Aluno acusado de se drogar em intercâmbio é indenizado

Um estudante que teve seu programa de intercâmbio para Bruxelas, Bélgica, interrompido por ter sido acusado de usar drogas, deve ganhar indenização. A decisão é da 9ª Câmara Cível do Tribunal do Rio Grande do Sul.

Para o tribunal, a empresa AFS Intercultura Brasil cometeu ato ilícito e não observou os limites impostos pela boa-fé ao aceitar suposta denúncia de consumo de drogas sem ter comprovação. Quem fez a denúncia foi a chamada “mãe” belga, que hospedou o estudante.

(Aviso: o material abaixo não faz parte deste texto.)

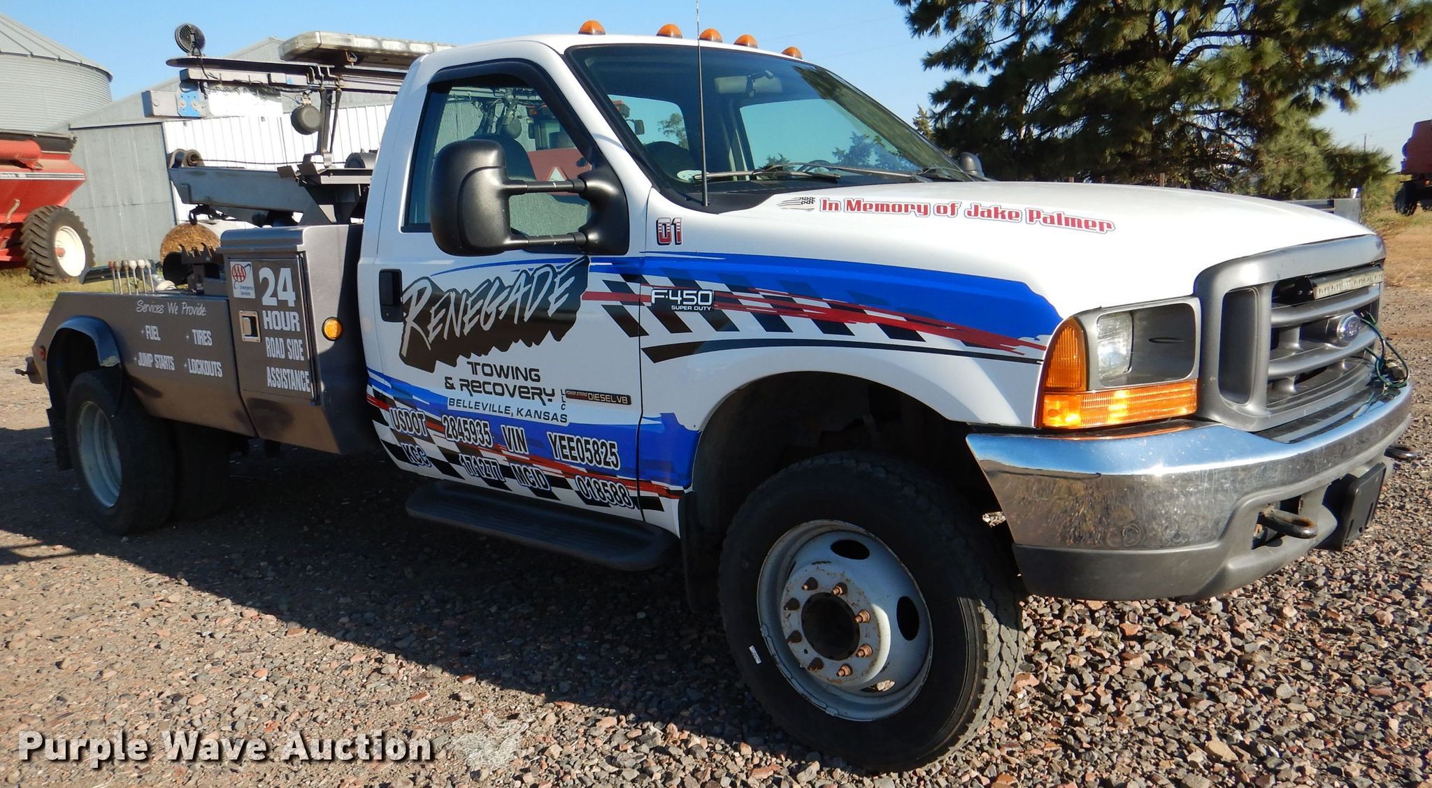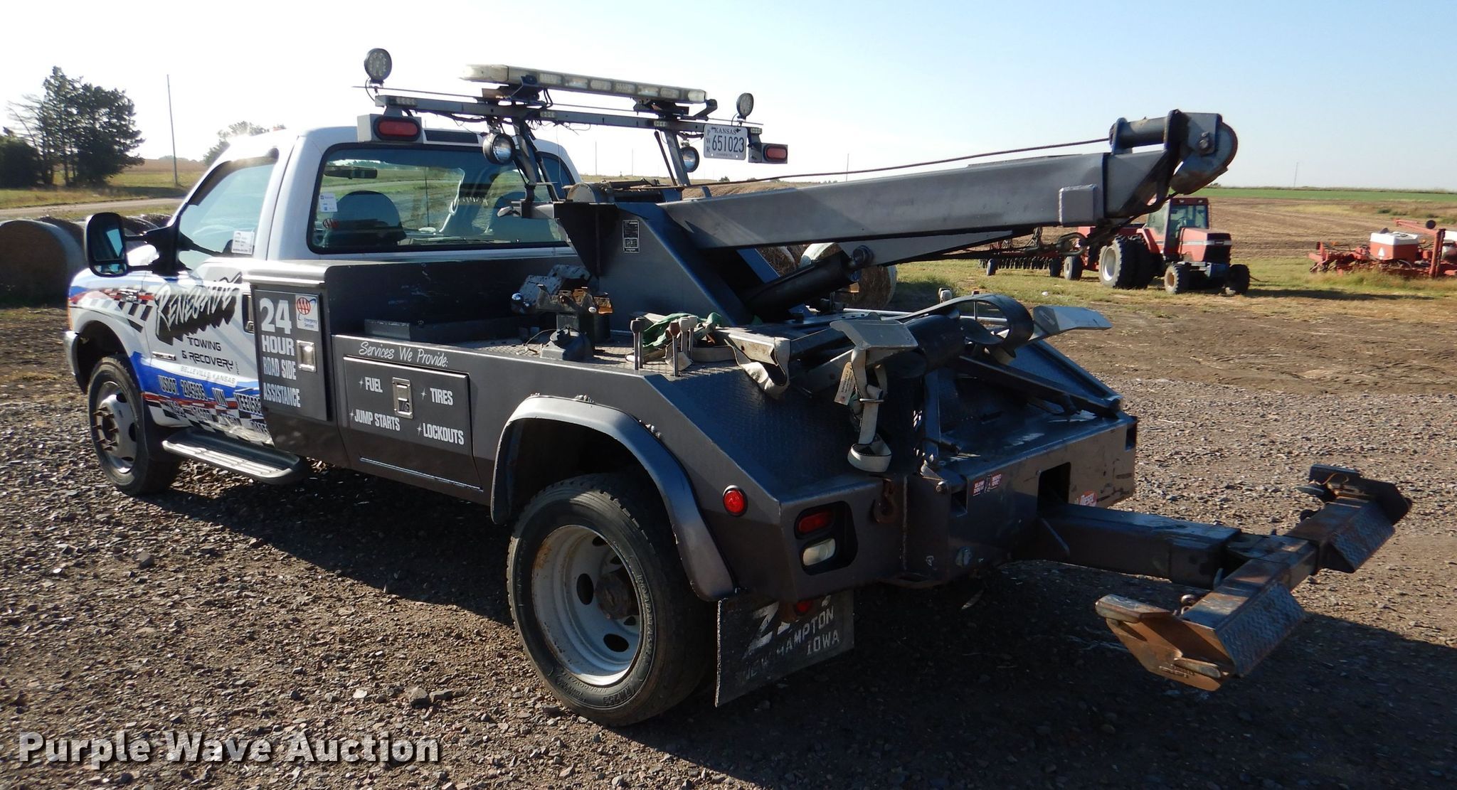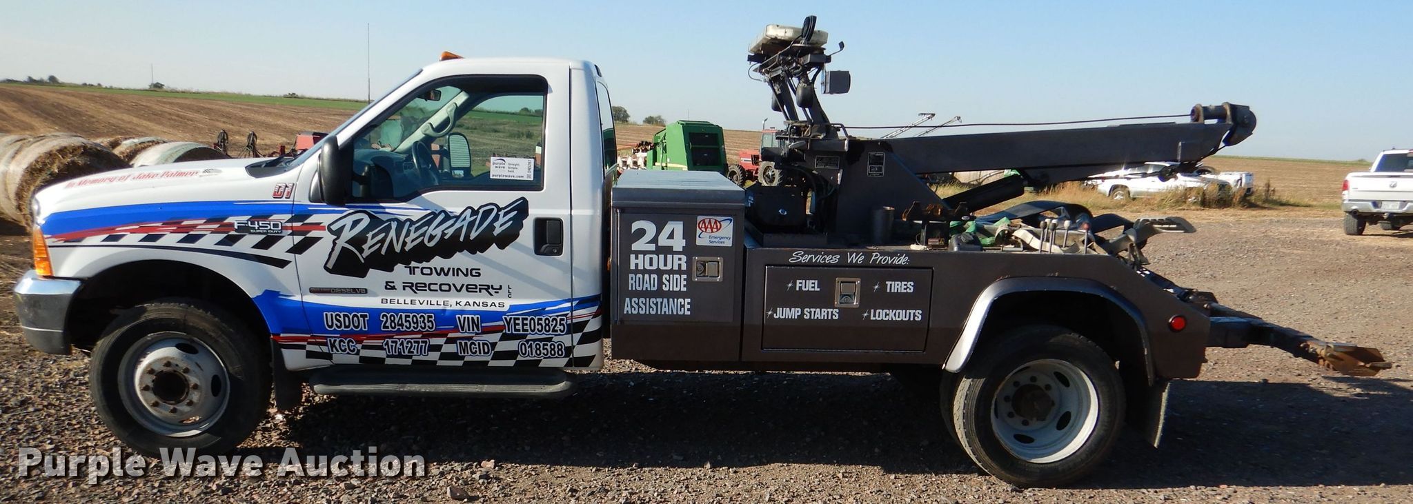 Purple Wave is selling a used Rollback or Tow Truck in Kansas. This item is a 2000 Ford F450 Super Duty XL tow truck with the following: Miles: 197,198 on odometer, VIN: 1FDXF46F8YEE05825, Unit #: 01

O estudante teria ligado para a sua mãe biológica dizendo que estava sofrendo assédio sexual por parte da mulher que o hospedava. A mãe avisou aos coordenadores do programa de intercâmbio de seu filho. A “mãe” belga ao ser questionada pela empresa, acusou o rapaz de usar drogas.

Mesmo com o resultado negativo de três testes toxicológicos, a AFS interrompeu o intercâmbio cultural após três meses do início. A viagem que deveria durar aproximadamente 12 meses, de 23 de agosto de 2001 a 10 de julho de 2002, foi interrompida em 22 de novembro de 2001, depois de três meses.

A reparação por danos materiais está arbitrada em 9/12 de US$ 6,5 mil. A conversão para moeda nacional segue a cotação do dia 26 de outubro, data do julgamento da apelação da empresa. A correção monetária será pelo IGP-M até o efetivo pagamento, com juros de mora de 6% ao ano, a contar da citação. Já a indenização por danos morais é de R$ 40 mil.

Para o desembargador Odone Sanguiné, houve assinatura do contrato de participação em intercâmbio submetida às regras do Código de Defesa do Consumidor. “Todavia, a ré não atendeu aos deveres secundários assumidos por ocasião do contrato, ao adotar uma postura de desconfiança perante o autor.”

“No caso, a repercussão do fato foi grave”, admitiu o desembargador, apontando que o jovem perdeu o ano letivo tanto na Bélgica quanto no Brasil. Há notícia nos autos, afirmou, de que ele angariou fama de drogado na sua cidade, pois todos sabiam do motivo de seu retorno ao Brasil antes mesmo de sua chegada.